Sunday, 15 March 2026 · 2 min read

Eventbrite is no longer a public company. On 10 March 2026, Italian technology firm Bending Spoons completed its $500 million purchase of the event ticketing platform. Eventbrite's shares stopped trading on the New York Stock Exchange the same day.

What is Bending Spoons?

Bending Spoons is a Milan-based tech company that buys struggling consumer platforms, rebuilds their products, and holds them long term. Their existing portfolio includes Evernote, WeTransfer, Vimeo, and Meetup. They say they never sell businesses once they buy them.

What is likely to change for Eventbrite users?

Industry analysts expect Bending Spoons to focus on the consumer side of Eventbrite (concerts, festivals, social events) rather than the corporate event planning side. The free tier is expected to get tighter. AI-driven features for event creation and promotion are likely to come faster now that the company does not need to answer to public shareholders every quarter.

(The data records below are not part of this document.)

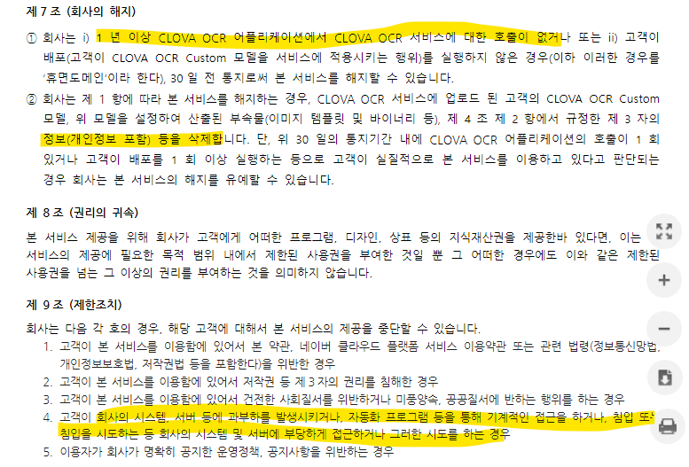 CLOVA OCR을 사용하려면 먼저 서비스 이용약관을 읽고 동의를 해주셔야 하는데요. 여기서 주의 깊게 보시면 좋을 점은 7조와 9조 입니다. 먼저 7조에 해당하는 항목들을 살펴보면 1년 이상 사용하지 않을 경우 데이터가 삭제될 수 있다고 주의하고 있습니다. 이점을 점을 꼭 기억해 두시고 추후에 OCR을 사용하지 않으신다면 데이터를 미리 백업해 두시는 것을 권장드립니다.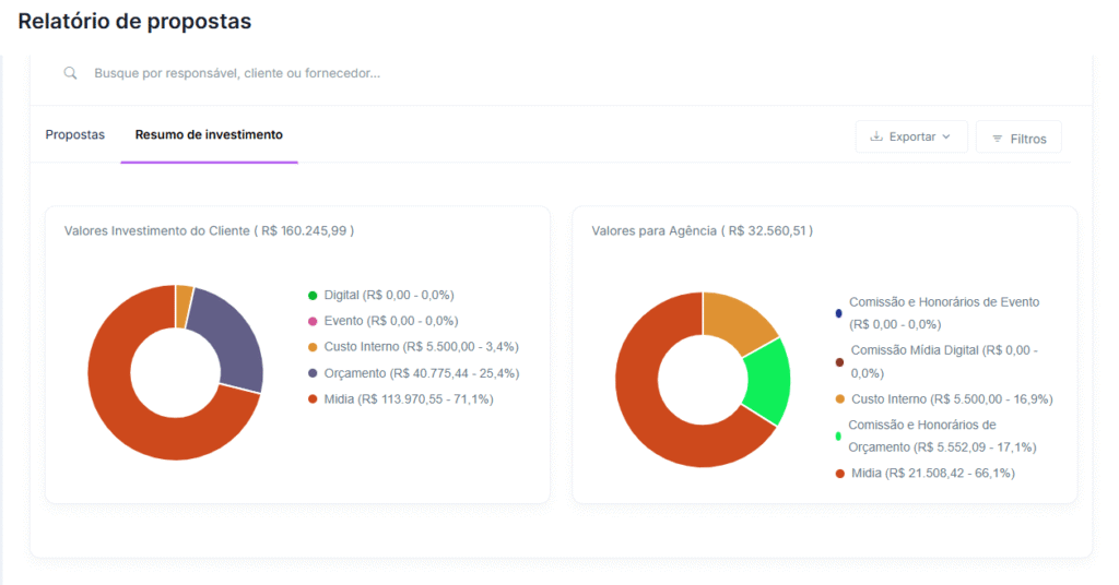 Ao abrir a aba “resumo do investimento”, dois gráficos de pizza irão aparecer em sua tela. No primeiro vão constar valores que foram investidos pelo cliente, divididos por tipo de investimento. No segundo, constarão os valores que efetivamente são da agência, divididos também por tipo.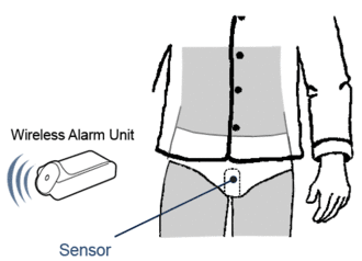 • Enuresis alarm – includes sleeping mats with electrical circuits; alarms with sensors placed in child's underwear; alarms that are wired or wireless and produce noise, vibration, or light; and alarm clocks or mobile phones for older individuals

For professional event planners using Eventbrite for corporate events, the platform may not be the priority for new investment. If your events are primarily corporate or B2B, this is a good moment to evaluate whether a specialist platform would serve you better.

The bigger picture: a year of consolidation

This deal was one of five major event tech acquisitions that closed in late 2025 and early 2026. Cvent spent around $700 million buying ON24, Goldcast, and Prismm. Truelink picked up five live event production companies for $535 million. Private equity is betting heavily on the events sector.

What this means for planners: platforms are getting bigger and more integrated. The gap between the major platforms and the smaller ones is going to widen in 2026.